Additionally, recent animal studies have identified oxidative stress in the brain tissues of rats with elevated proline levels, suggesting a potential therapeutic role for antioxidants, such as vitamins E and C, as well as glutathione. Some authors recommend early introduction of these agents to mitigate oxidative damage (13). While acute symptoms, such as seizures, can be managed effectively, allowing for generally favorable outcomes and normal development, the long-term neurological prognosis remains uncertain. Given the potential for behavioral challenges, individuals with HPII should undergo regular monitoring and follow-up (21).
In conclusion, this case highlights the variable expressivity of HPII, especially the cognitive and behavioral profiles. It also demonstrates the importance of comprehensive metabolic and genetic evaluations in children with neurodevelopmental disorders, along with work-up for potential phenotypic overlap between HPII and ASD.
Patient perspective
5
Following identification of hyperprolinemia type II and the associated ALDH4A1 variant, the patient's caregivers emphasized that establishing an etiologic diagnosis was valuable for clarifying prognosis, guiding follow-up planning, and supporting informed decisions regarding ongoing developmental and behavioral interventions.
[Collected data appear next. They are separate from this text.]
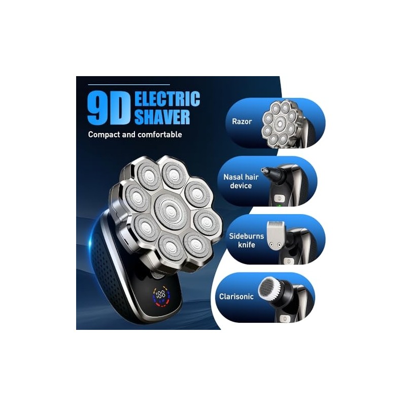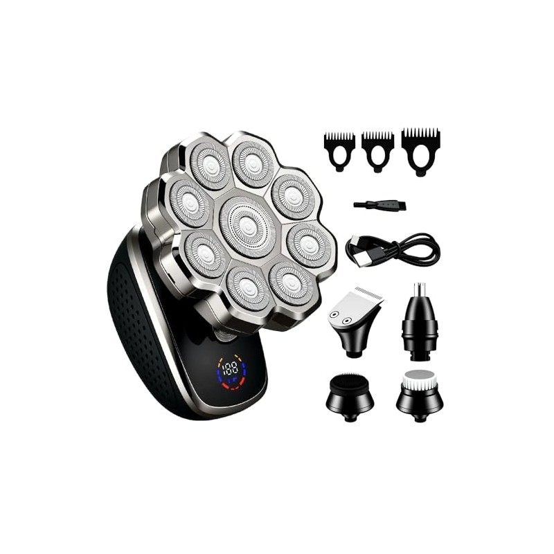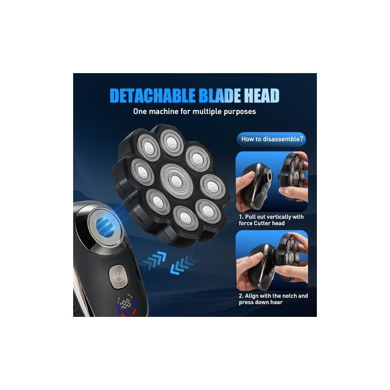 Bawldy 9.0 Shaver, 2025 Detachable Head Shaver, 9D Floating Blade Heads, Intelligent LED Display IPX7 Waterproof Wet Dry Shaving, Rechargeable Cordless Bawldy Pro Razor (9-Blade Head Set)
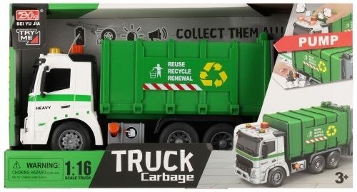 Zalety produktu: ciężarówka posiada funkcję pull&back, dzięki czemu po pchnięciu pojazdu do przodu kontynuuję jazdę samodzielnie, posiada efekty dźwiękowe oraz świetlne- klakson, odgłos wysypywania śmieci, żółte światełka na dachu, posiada ruchome elementy- podnoszoną klapę, obracany wirnik. Śmieciarka MEGA CREATIVE to doskonały atrybut podczas próby nauczenia swoich Pociech zasad segregacji odpadów oraz dbania o środowisko. W trakcie zabawy ulubionym samochodem, dziecko posiądzie niezbędną dla naszej Planety wiedzę! Zawartość zestawu: Śmieciarka. Zabawka wykonana z plastiku. Wymiary/waga/baterie: wymiary produktu (dł. x wys. x gł.)[cm]: 27x12x9, wymiary opakowania (dł. x wys. x gł.) [cm]: 32x18x13, waga produktu bez opakowania [kg]: 0,38 kg, waga produktu w opakowaniu [kg]: 0,56 kg, wymaga zasilania bateriami 3 x AG13- załączono do zestawu. Zabawka przeznaczona dla dzieci w wieku: 3+. Pakowana w karton z otwartym okienkiem. W kartonie zbiorczym po 18 szt.
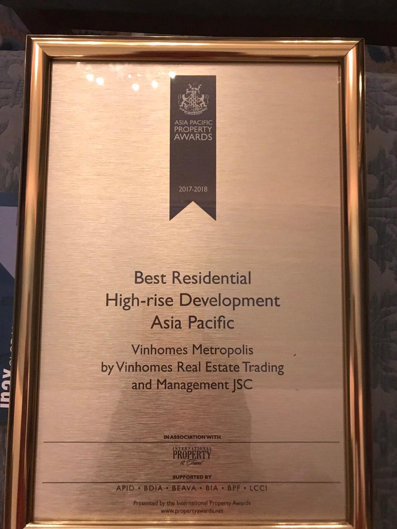 Vượt qua các vòng đánh giá nghiêm ngặt của Hội đồng giám khảo quốc tế International Property Awards (IPA) và những đề cử nổi bật cấp quốc gia và khu vực - Vinhomes Metropolis đã giành chiến thắng thuyết phục tại hạng mục “Tòa nhà cao tầng tốt nhất Châu Á Thái Bình Dương" 2017.
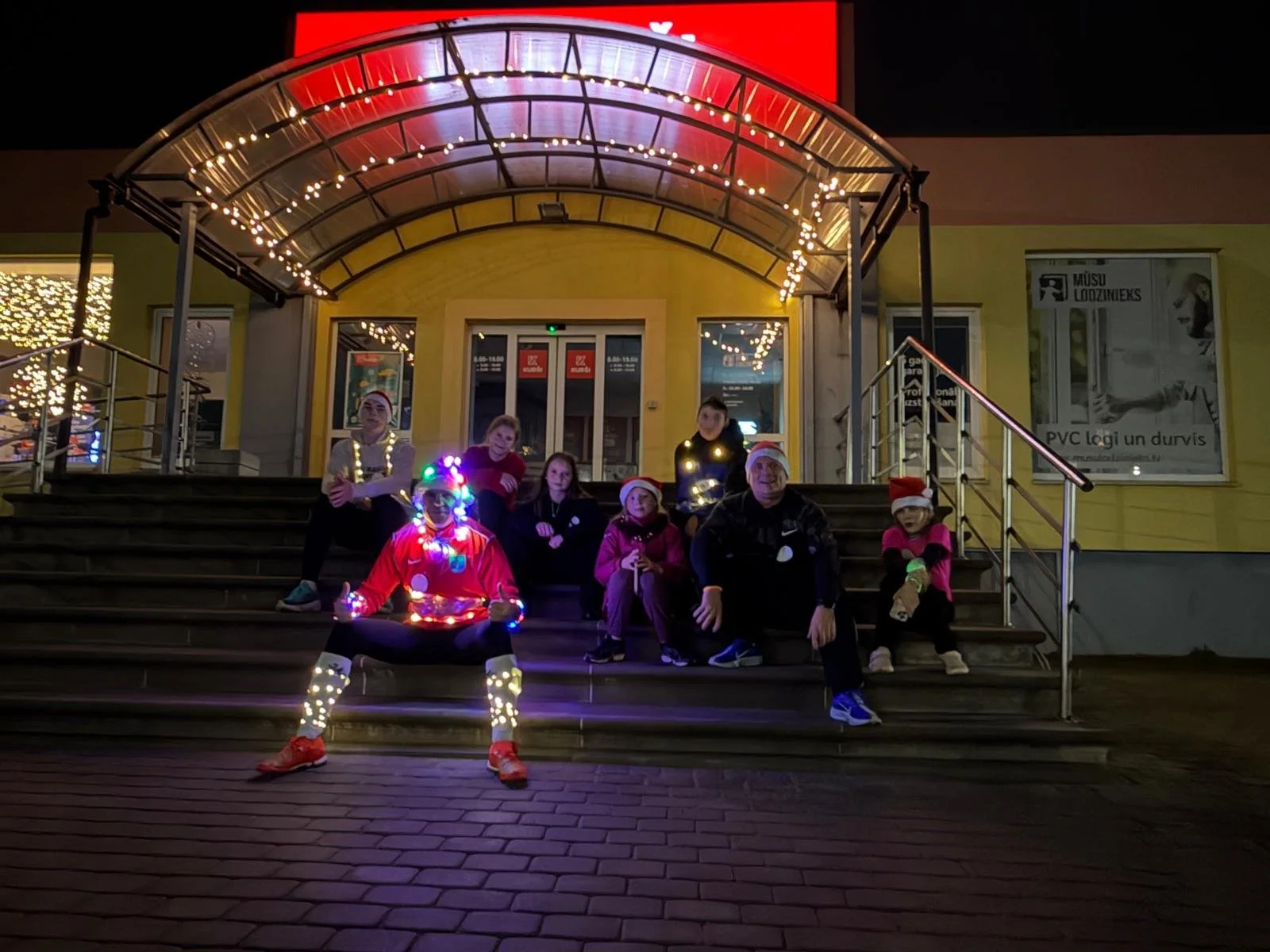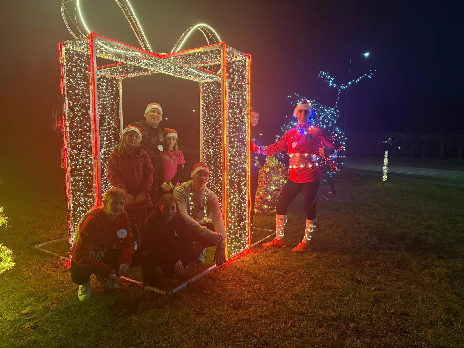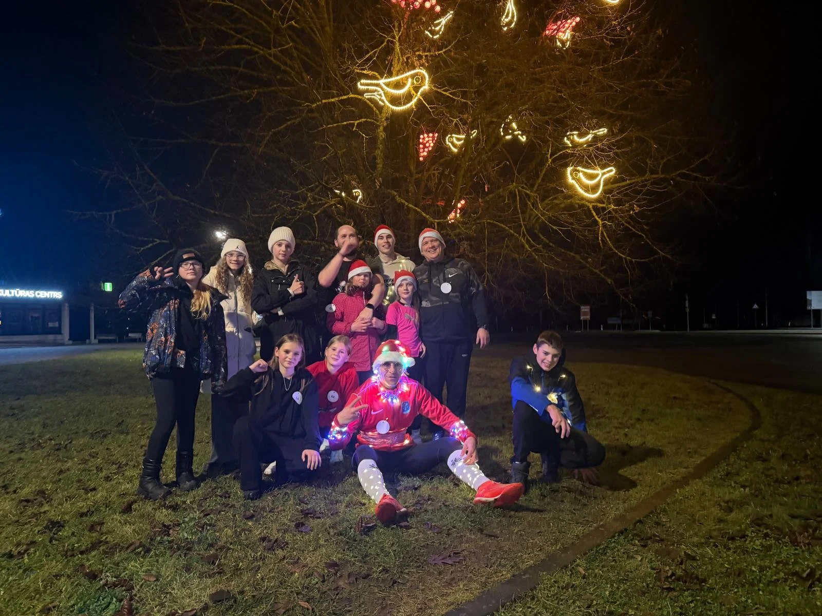 05.12.2025. Aizkraukles centrālajā laukumā- svētku egles iedegšanas pasākumā- starp viesiem jau pārvietojās rūķu cepuru nēsātāji un ar lampiņām rotāti topošā ‘Rūķu cepuru skrējiena dalībnieki.
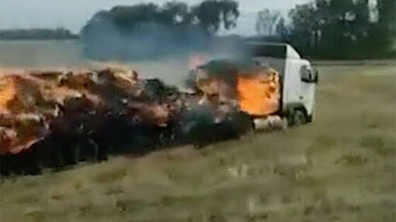 Водитель грузовика с полуприцепом, наполненным горящим сеном, двигался по полю в Воронежской области. Видеозапись инцидента, сделанная свидетелем происшествия, появилась в Telegram-канале "Осторожно, новости". По его данным, в машине перевозили 32 тюка сена массой по 300 кг каждый. Груз загорелся по неизвестной причине, а водитель автомобиля, заметив пожар, съехал с трассы и позвонил спасателям. В результате сено было уничтожено огнем, сам водитель не пострадал. На видеозаписи инцидента видно, как автомобиль с горящим грузом на большой скорости едет по краю поля около насыпи, по которой проходит автомобильная дорога. Ранее в Краснодарском крае женщина, попавшая под трактор, осталась жива, но погибла в ДТП по дороге в больницу.
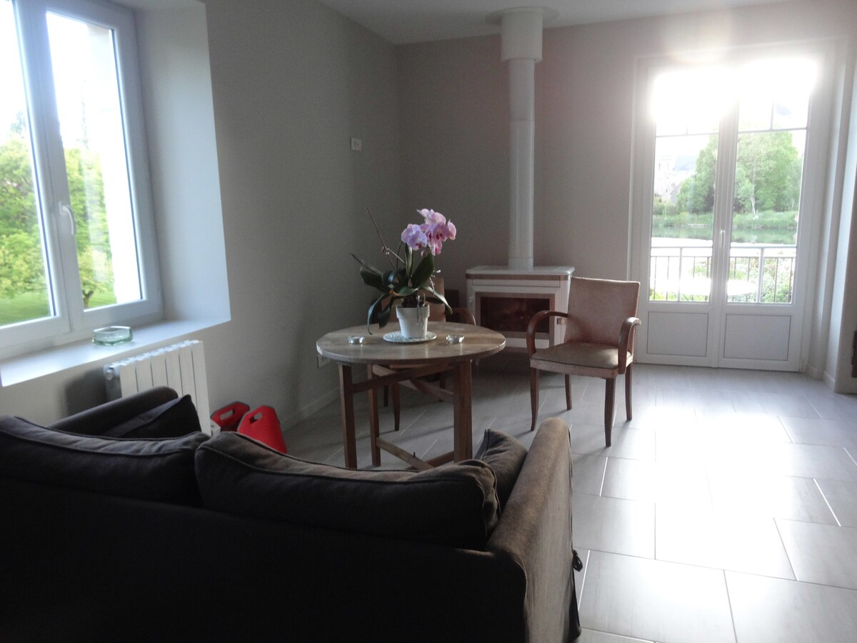 Beau logement indépendant ensoleillé de 60 m2 dans ancienne écurie Balcon surplombant la rivière avec vue unique sur le château de Durtal , séjour avec cuisine américaine, poêle à bois 2 chambres ,une avec lit double , porte fenêtre donnant sur la campagne ,une chambre avec 2 lit simples 1 salle d'eau , WC séparés La propriété est grande, arborée et abondamment fleurie Un bateau, 2 vélos sont à votre disposition, une balançoire, un trampoline, et une cabane dans un arbre .
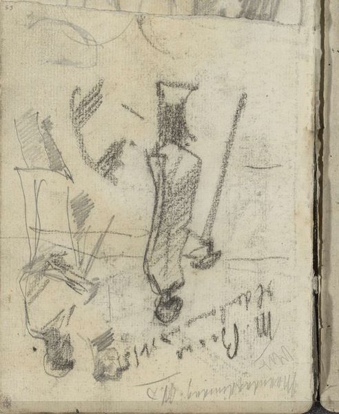 Curator: Looking at this drawing, there’s a nervous energy about it. What catches your eye immediately? Editor: A frenetic feeling—it is gestural, as if capturing something fleeting. The overlapping lines of the horses...they’re like layers of exertion. Curator: This graphite drawing, entitled "Horses in a Landscape, possibly Dunes," was created by George Hendrik Breitner between 1881 and 1883. Editor: Dunes...interesting, because despite the seeming lack of detail, I perceive vastness. I sense the animals, for sure. But what I want to ask, is about Breitner’s access to these animals. These horses aren’t work horses…so who could have access to so many horses at play in a Dutch landscape? What does this tell us about access to freedom and leisure at this time? Curator: An interesting way to interpret access and ownership, for sure. What intrigues me about Breitner’s style here is how he evokes movement with minimal lines. The clustered horses aren't just standing there—there's implied interaction, even a kind of dynamism that reminds me of similar depictions throughout art history, from the cave paintings at Lascaux through the Renaissance masters. But this image appears to abandon centuries of technique! Why? What symbols were he aiming for? Editor: Yes, exactly! And what does choosing this moment represent, during a time of rising anxieties about the urban experience, increasing poverty, the struggles of workers rights. Were horses a symbol of some longing or resistance? I love how, even with its sparseness, this work ignites such questions about place and power. It resists traditional notions of artistic skill while quietly evoking all these different levels of analysis. Curator: Yes, "resistance" is the right word. It’s also easy to assume such drawings of that era should feel 'resolved'. Breitner defies that, embracing uncertainty and hinting at realms beyond our immediate vision. Editor: A powerful piece! It highlights how even a seemingly simple sketch can hold complex commentary about social power and historical transformation. It opens avenues for dialogue we often overlook in such works. Curator: Absolutely, and seeing the endurance of horse symbology alongside subtle but powerful stylistic changes makes the experience a memorable one for me.
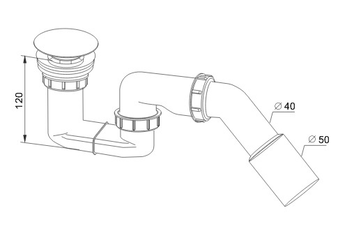 Syfon brodzikowy ze spustem klik-klak, korek metalowy, spust metalowy, do brodzików z otworem odpływowym 52mm.
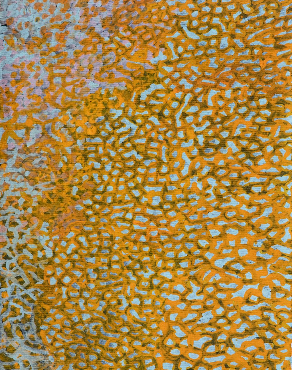 Muuki paints Kulyakartu in all its different seasonal stages. Often visible in his work is the patchwork nature of regrowth subsequent to the practice of waru (fire) burning that assists with hunting, regenerates growth, and encourages greater diversity in plant and animal life. This mosaic patterning is aligned with the five distinct Martu cyclical phases of burning and regrowth. First is nyurnma (freshly burnt Country) when Muuki is “making waru”. Following nyurnma are the rains and subsequent waru-waru, when young, bright green plants start to grow. Nyukura occurs between one and three years after burning, when plants have matured and are fruiting and seeding. Manguu is “when him finished”, four to six years post burning, and when spinifex has matured to the point that it can be burned once again. Finally, kunarka signifies the time when spinifex and other plant species have become old growth, and pose a risk of destructive bushfires.
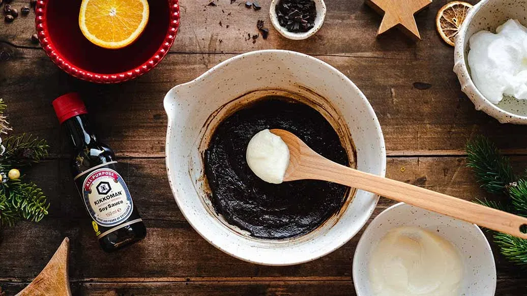 Ve středně velké misce smíchejte rozpuštěnou hořkou čokoládu, espresso a Sójovou omáčku Kikkoman. Míchejte, dokud nevznikne hladká směs.
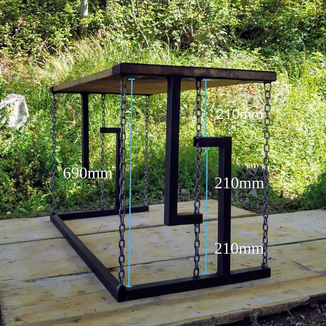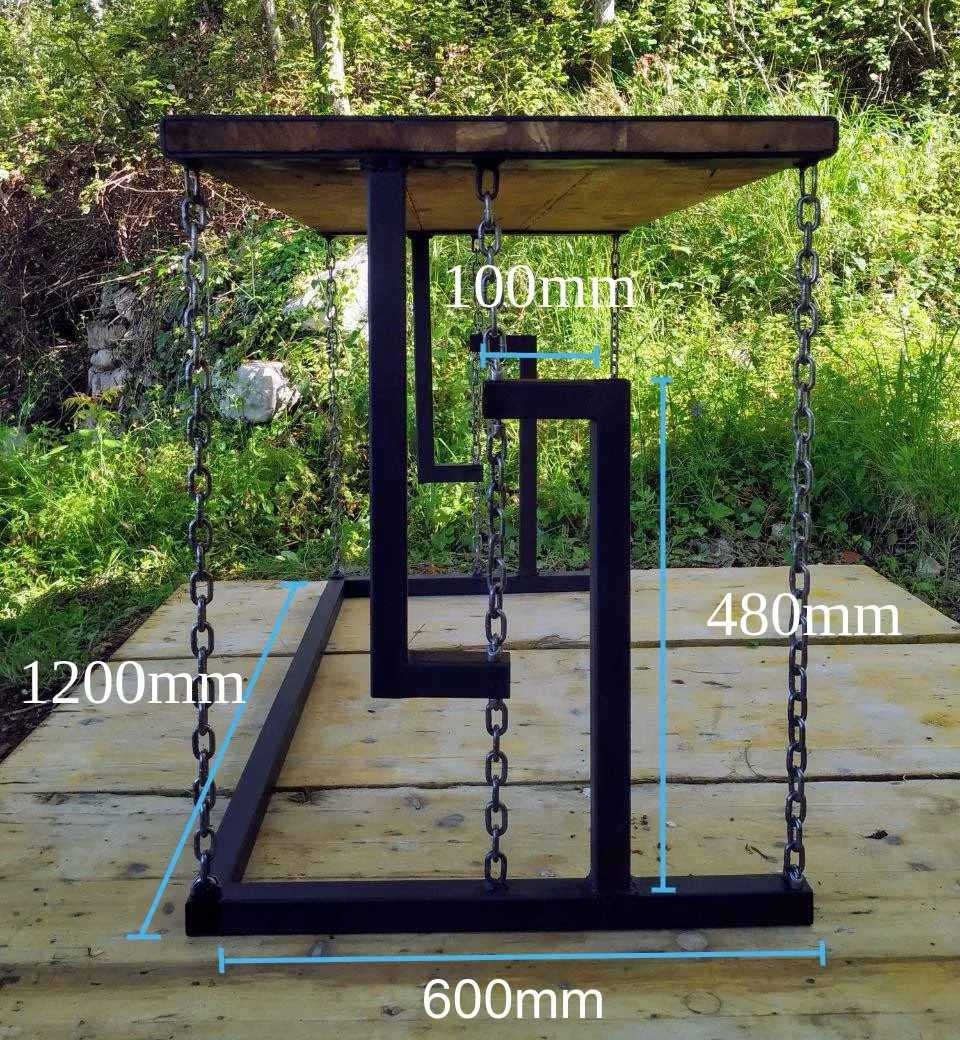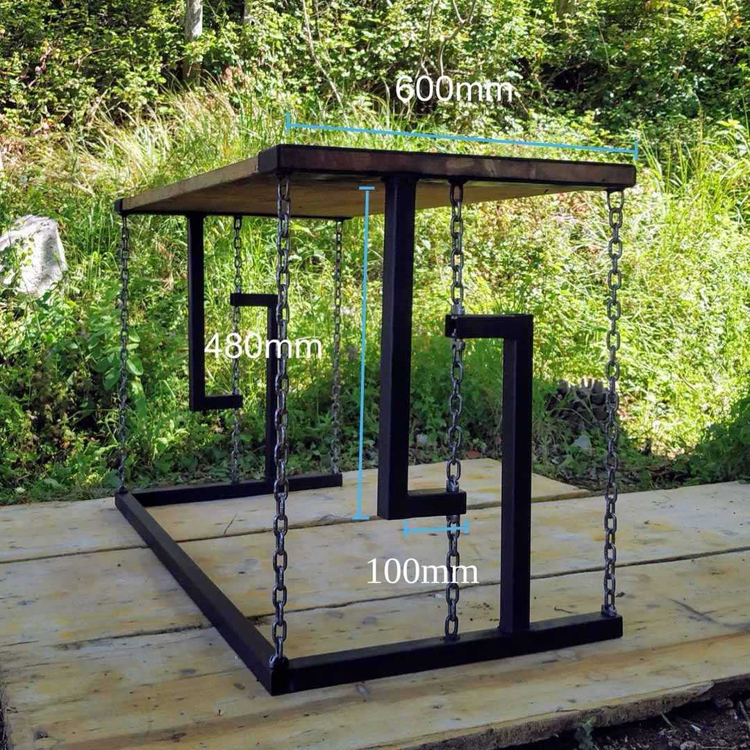 Основа конструкции – уголок 60х60х670 мм, из которого выполнены ножки. Обвязка, в применении к обычному столу именуемая царгой, изготовлена из полосы толщиной 20 мм и шириной 100 мм. Длина двух фрагментов (по длинной стороне) – 1000 мм, двух других (по короткой стороне) – 620 мм. Полосы приварены к уголку снаружи, причем верхний край полосы выше верхнего края уголка на 20 мм.
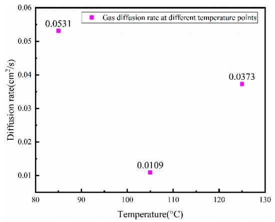 In a sealed cavity, the rate of gas release is determined by parameter c, and the rate of gas release is related to the temperature inside the sealed cavity. According to theory, the higher the temperature, the greater the rate of outgassing. Figure 6 illustrates the results of the tests conducted in this paper. The outgassing rate at 85 °C is the highest, which is 0.0531; the outgassing rate at 105 °C is the lowest, which is 0.0109; and the outgassing rate at 125 °C is in the middle, which is 0.0373.
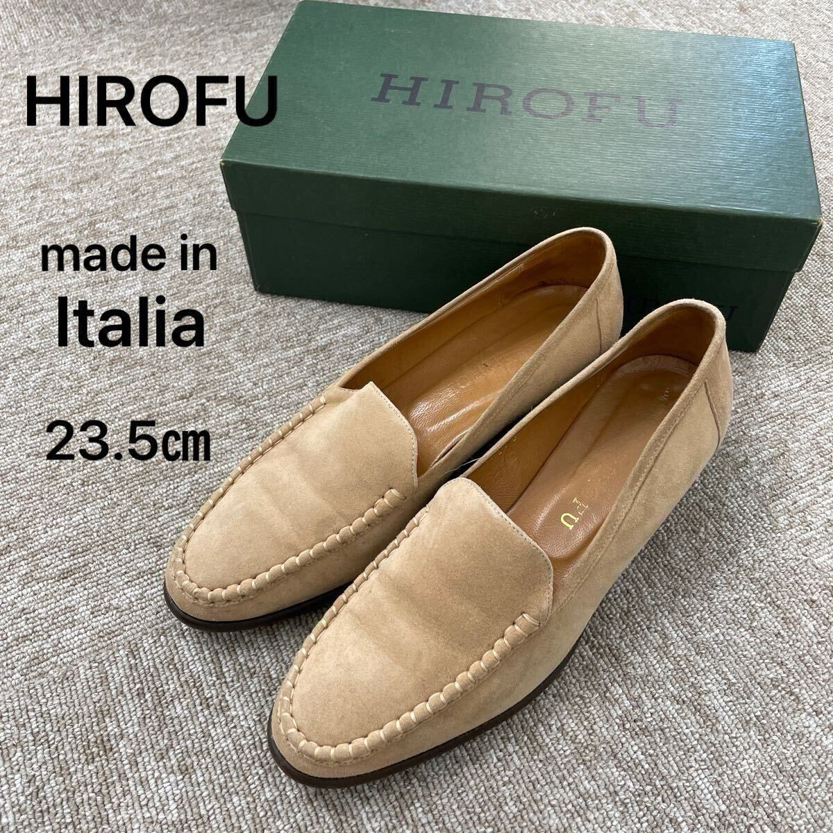 - 【489】HIROFU ヒロフ イタリア製 レザー ローファー フラットシューズ ベージュ 23.5cm 箱つき パンプス ニャンキーヒール

The family reported high interest in cascade evaluation within the extended family, with the intent of identifying relatives with similar neurodevelopmental concerns and facilitating timely medical assessment and appropriate investigations. In view of the logistical demands of coordinating multidisciplinary appointments and diagnostic testing, social working services were engaged to provide funding support and logistical facilitation, which the family considered essential for ensuring continuity of care and access to recommended services.